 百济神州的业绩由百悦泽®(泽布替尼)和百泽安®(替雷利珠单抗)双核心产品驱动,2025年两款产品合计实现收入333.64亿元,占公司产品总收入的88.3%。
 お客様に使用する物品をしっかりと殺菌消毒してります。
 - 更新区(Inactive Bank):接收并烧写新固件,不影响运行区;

* * *

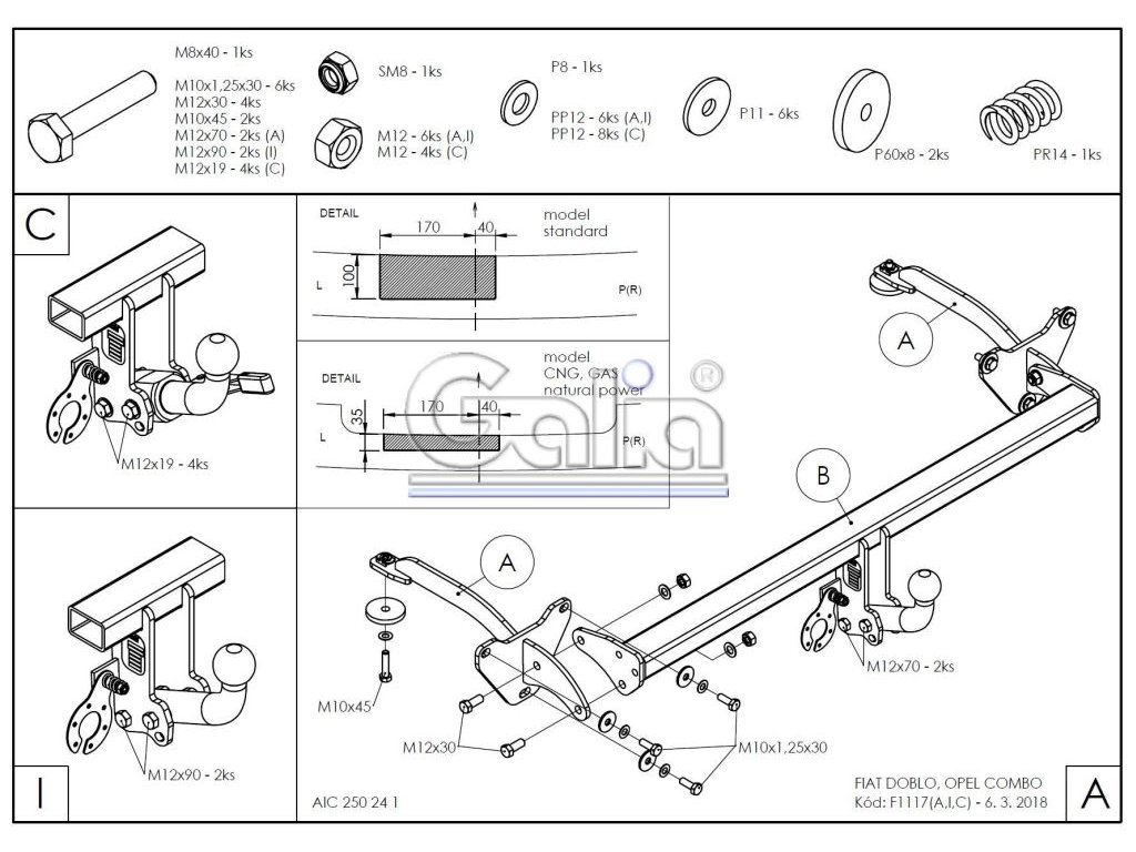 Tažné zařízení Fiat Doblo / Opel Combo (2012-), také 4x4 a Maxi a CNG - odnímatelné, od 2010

---

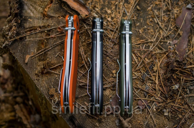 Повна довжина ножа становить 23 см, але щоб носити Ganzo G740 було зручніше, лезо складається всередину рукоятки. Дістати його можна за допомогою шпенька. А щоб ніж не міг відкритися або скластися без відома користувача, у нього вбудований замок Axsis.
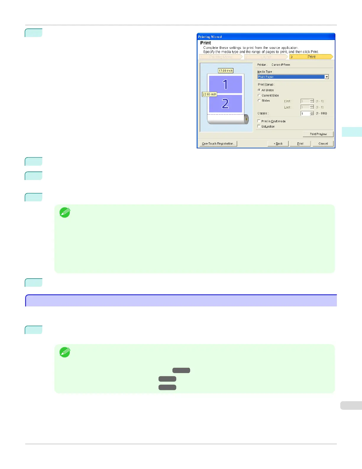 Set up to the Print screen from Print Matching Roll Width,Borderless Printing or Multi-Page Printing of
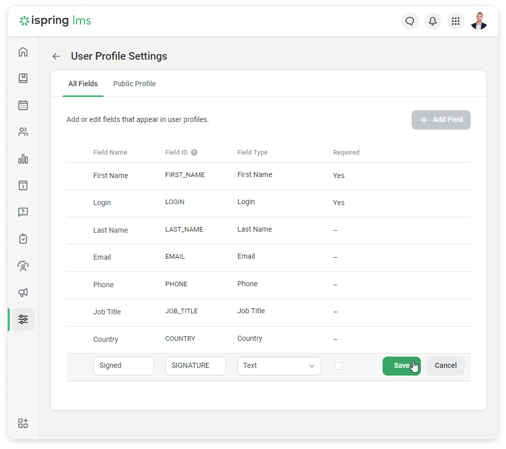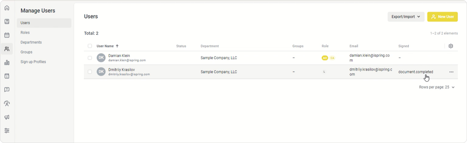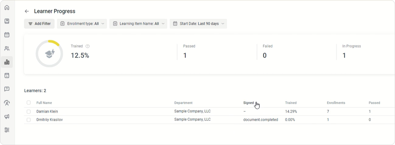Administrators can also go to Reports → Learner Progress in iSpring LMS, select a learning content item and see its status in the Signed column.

- Exercise goal -
Here the output must be the lines above from the line with "お客様に使用する物品をしっかりと殺菌消毒してります。" to the line with "- 更新区(Inactive Bank):接收并烧写新固件,不影响运行区;", both included, duplicated word for word and nothing else.

- Solution to the problem -
 お客様に使用する物品をしっかりと殺菌消毒してります。
 - 更新区(Inactive Bank):接收并烧写新固件,不影响运行区;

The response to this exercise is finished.